After all, someone needs to replace the lost euros in those Greek banks. Otherwise the banks can’t keep functioning. Recently, Greece’s central bank has stepped in and provided banks with emergency loans — some €60 billion all told. But there are limits to how much aid the central bank can offer (the rules, explained here , have to do with collateral). In theory, the Bank of Greece could get permission from the European Central Bank to inject even more euros into the banking system. But at some point the ECB may just decide it’s not worth pouring endless cash into rickety banks in an unstable country.
In the meantime, the Greek government can’t get its hands on enough euros, either. Many of its attempts to raise revenue are failing. For instance, as the Financial Times’ Masa Serdarevic reports, the government recently tried to force people to pay property taxes by folding them in with electricity bills. In response, Greeks simply stopped paying their electricity bills.
So at a certain point, the Greek banks and government could face a situation in which they no longer have enough euros for their day-to-day operations. ATMs could no longer dispense euro notes. Civil servants and pensions would have to be paid in IOUs. Intense pressure would grow on the government to introduce a brand-new currency — to bring back the drachma, say.
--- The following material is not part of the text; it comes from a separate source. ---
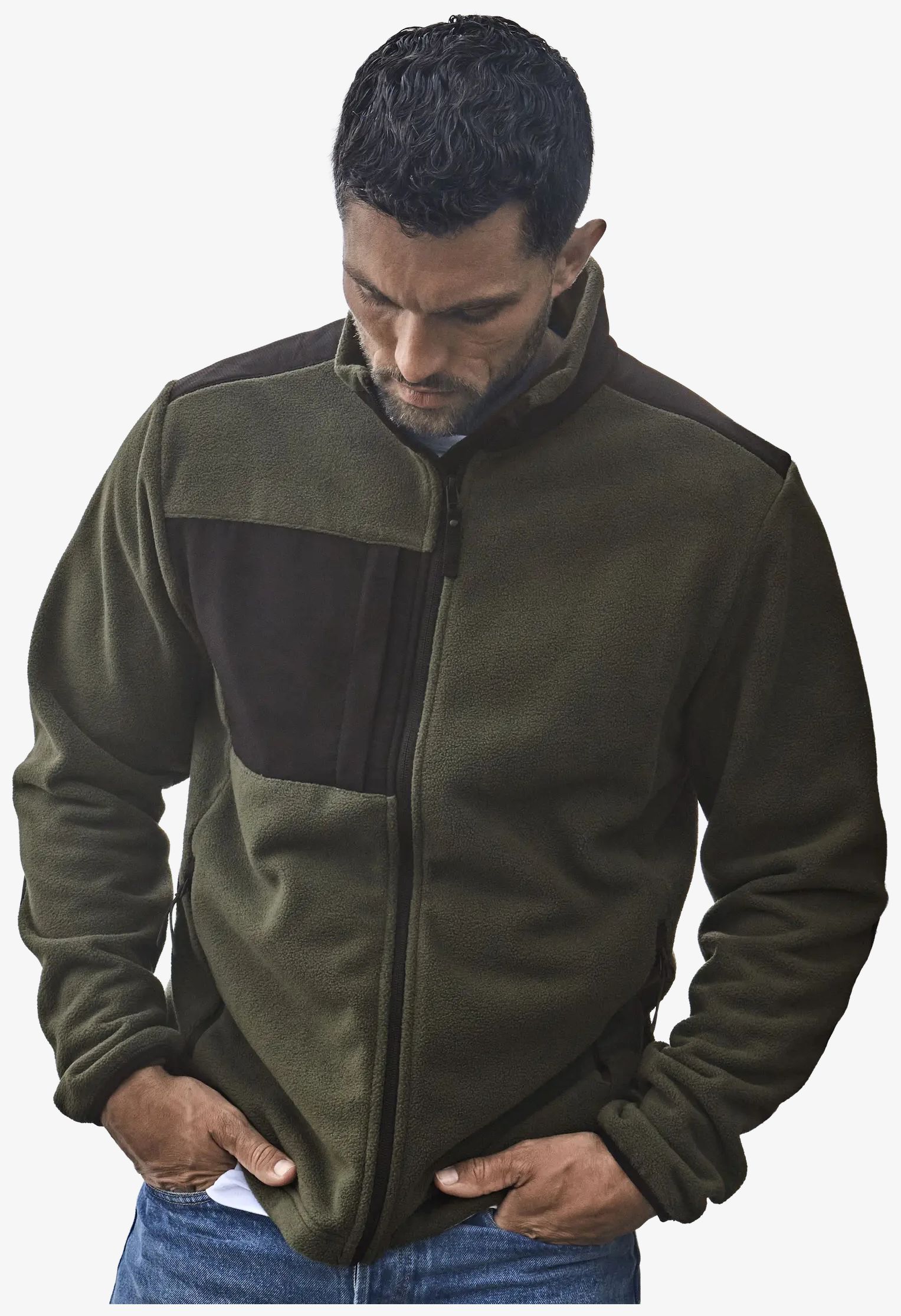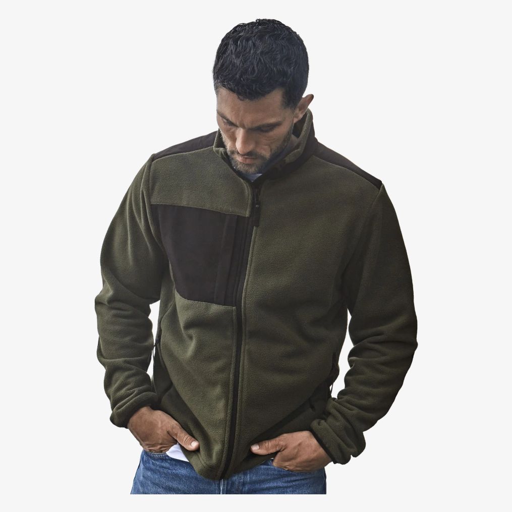 Il pile spesso Mountain fleece è realizzato con rinforzi su spalle e gomiti. Include una tasca sul petto, due grandi tasche frontali con cerniera e bordi elasticizzati alle maniche.

At that point, the country would have no choice but to leave the euro. “Exit, in other words, becomes a fait accompli,” writes Ryan Avent. “The debate over whether or not Greece ought to leave then becomes moot.”
Now, Greece hasn’t reached this stage quite yet. For one, most Greek people (for whatever reason) aren’t taking all of their euros out of Greek banks — about 75 percent of deposits still remain, or about €160 billion. It’s more of a “bank jog” than a bank run. And it’s still an open question whether the European Central Bank will pull the plug on Greece or whether European technocrats will, instead, do everything they can to hold the euro zone together.
But that’s how a bank panic in Greece could become self-sustaining. As Paul Mason puts it, the fate of the euro may now rest in the hands of Greece’s bank customers.